Ministerstwo Zdrowia przekazało komornikowi wniosek o wszczęcie postępowania egzekucyjnego dotyczącego respiratorów spółki E&K zajętych w lutym na lotnisku Okęcie oraz pieniędzy zamrożonych na kontach firmy - dowiedział się reporter RMF FM. Było to możliwe po decyzji sądu potwierdzającej prawomocnie wysokość długu E&K wobec resortu z tytułu niezrealizowania kontraktu na respiratory.
To finalny etap skandalu z firmą należącą do handlarza bronią, która wzięła zaliczkę na dostawę respiratorów i nie wywiązała się z umowy. Do spłacenia pozostało ponad 50 mln zł. Jak usłyszał dziennikarz RMF FM, 25 mln zł zamrożonych na kontach tej spółki ma trafić do resortu zdrowia w przyszłym tygodniu.
Kolejne 25 mln zł ma pochodzić z postępowania egzekucyjnego dotyczącego 418 respiratorów - powiedział naszemu dziennikarzowi Wojciech Andrusiewicz z Ministerstwa Zdrowia. Tutaj prosiłbym o wstrzemięźliwość - bo tu jeszcze kwestia po pierwsze wyceny, po drugie decyzji o dalszym postępowaniu z tym sprzętem, który wówczas będzie już we władaniu Ministerstwa Zdrowia - dodał Andrusiewicz.
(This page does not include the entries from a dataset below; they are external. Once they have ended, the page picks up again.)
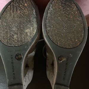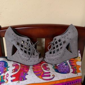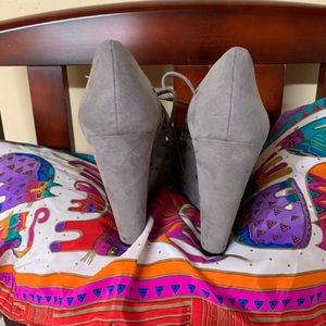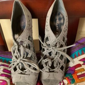 Vince Camuto Grey Swede Laser cut studded wedges . Very comfortable . Great shoes for tradition of seasons with so many outfits . I loved these. Size 6.5
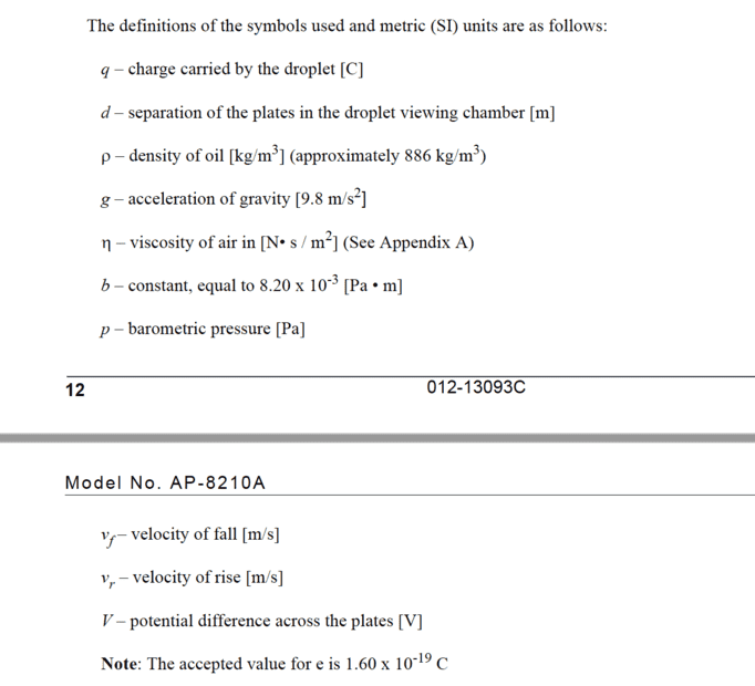 The manual defines a simple method to calculate for the charge of the electron, which accounts for the effective viscosity of air. Page 12 and 13 of the linked lab manual defines all constants and list the method as described above.
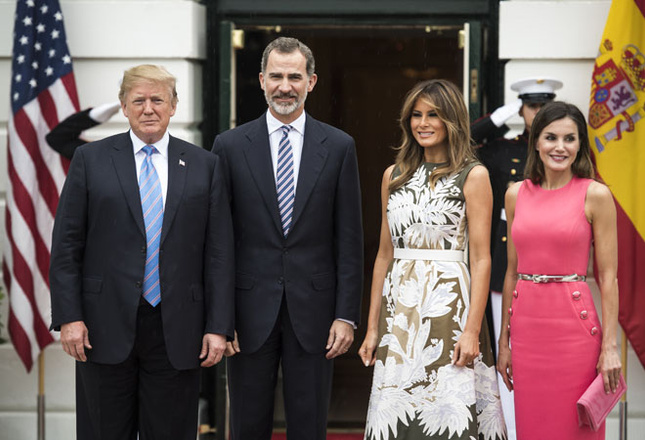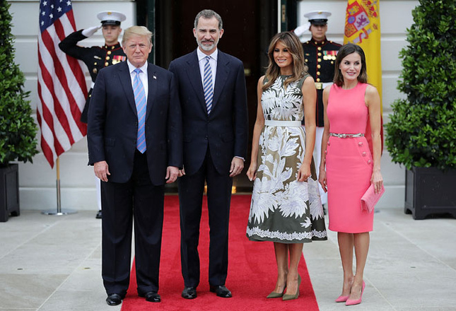 Президент США Дональд Трамп и его жена Мелания приняли в Белом доме высокопоставленных гостей – короля и королеву Испании Филиппа VI и Летицию. Дружеская встреча состоялась во время пятидневного тура европейских монархов по Америке в рамках празднования 300-летия городов, которые были основаны испанскими колонизаторами. Фотографии с мероприятия уже появились в сети и… наделали много шума. Все сравнивали наряды первой леди и королевы.
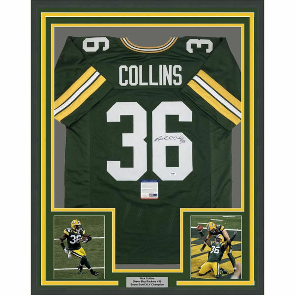 FRAMED Autographed/Signed NICK COLLINS 33x42 Green Bay Green Jersey PSA/DNA COA The item is professionally framed & matted with two 8x10 photos, measures 33"x42" and is ready to be hung in your man cave! NOTE: COA card will be mounted on the back of the frame, not inside it on top of the jersey as seen in the picture. Please allow up to 5 business days for the item to be framed, packaged safely, and picked up by USPS. Photo and matting requests can be made.
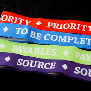 6 durable woven elastic bands to secure stacks of paper in a snap! Each band is labeled by priority and colour just like your clips for maximum order and ease:
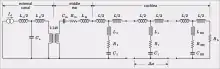 La partie cochléaire du circuit utilise une analyse par éléments finis de la ligne de transmission continue du conduit cochléaire. Une représentation idéale d'une telle structure utiliserait des éléments infinitésimaux, et il y en aurait donc un nombre infini. Dans ce modèle, la cochlée est divisée en 350 sections et chaque section est modélisée à l'aide d'un petit nombre d'éléments groupés[17].
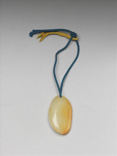 玉墜,瑩潔通透中泛黃,質地溫潤,以藍色絲線穿繫。
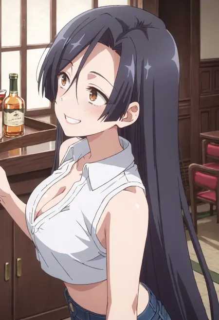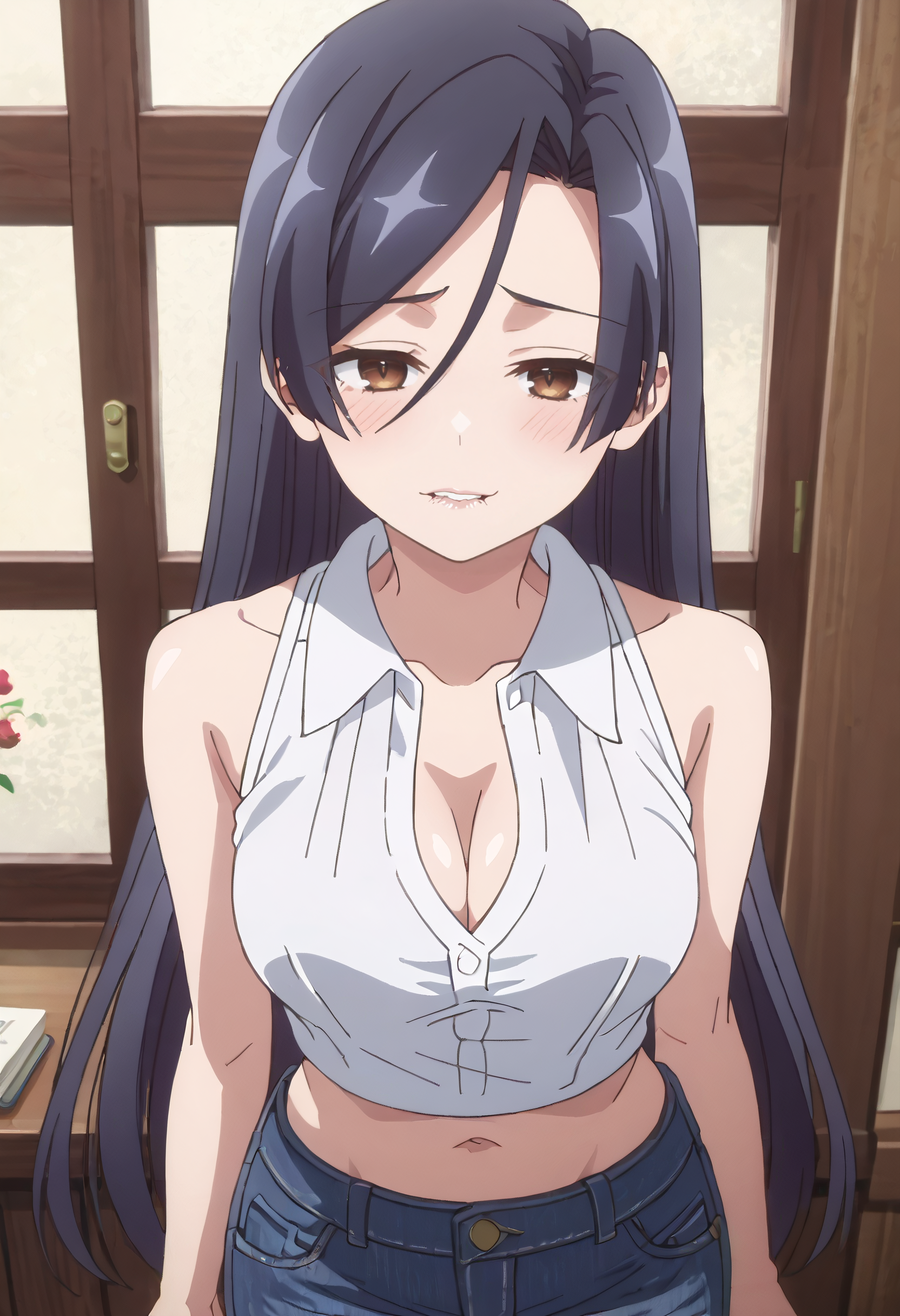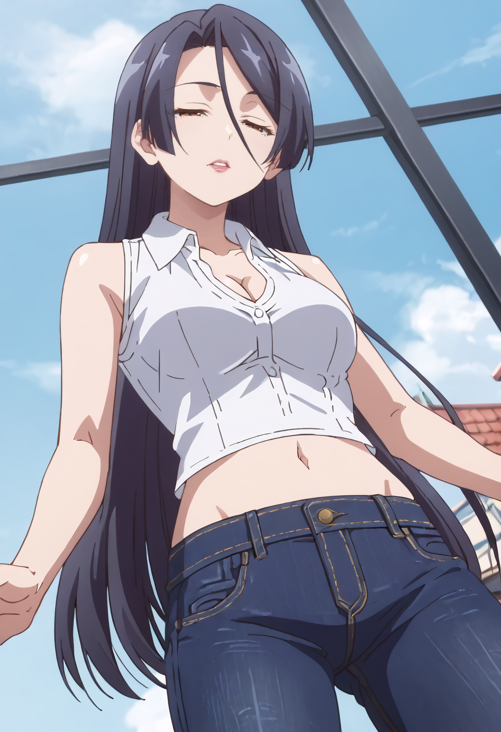 ShirleyShirt、胸元、ノースリーブ、ノースリーブシャツ、シャツ、白いシャツ、ストレートヘア、襟付きシャツ、クロップドトップ、お腹の部分、ズボン、ジーンズ、デニム、裸の肩、クロップドシャツ、裸の腕、

Są scenariusze spieniężenia respiratorów, ale także pod uwagę brane jest przejęcie tych urządzeń na walkę z koronawirusem.
Firma E&K, należąca według mediów do handlarza bronią, w 2020 r. podpisała z MZ umowę na dostawę respiratorów, jednak nie wywiązała się w całości kontraktu - dostarczyła 200 sztuk respiratorów - zamiast 1241 respiratorów. W związku z niedotrzymaniem terminu dostaw sprzętu, który miał trafić do MZ w kwietniu i w maju ubiegłego roku, resort odstąpił od umowy i otrzymał zwrot przedpłaconych pieniędzy w kwocie ponad 14 mln euro.
Na firmę nałożono też kary umowne w wysokości 10 proc. wartości niezrealizowanego zamówienia, a za opóźnienie w dostawie w wysokości 0,2 proc. wartości dostawy za każdy dzień zwłoki. MZ udało się wcześniej zabezpieczyć ok. 26 mln zł zobowiązań spółki.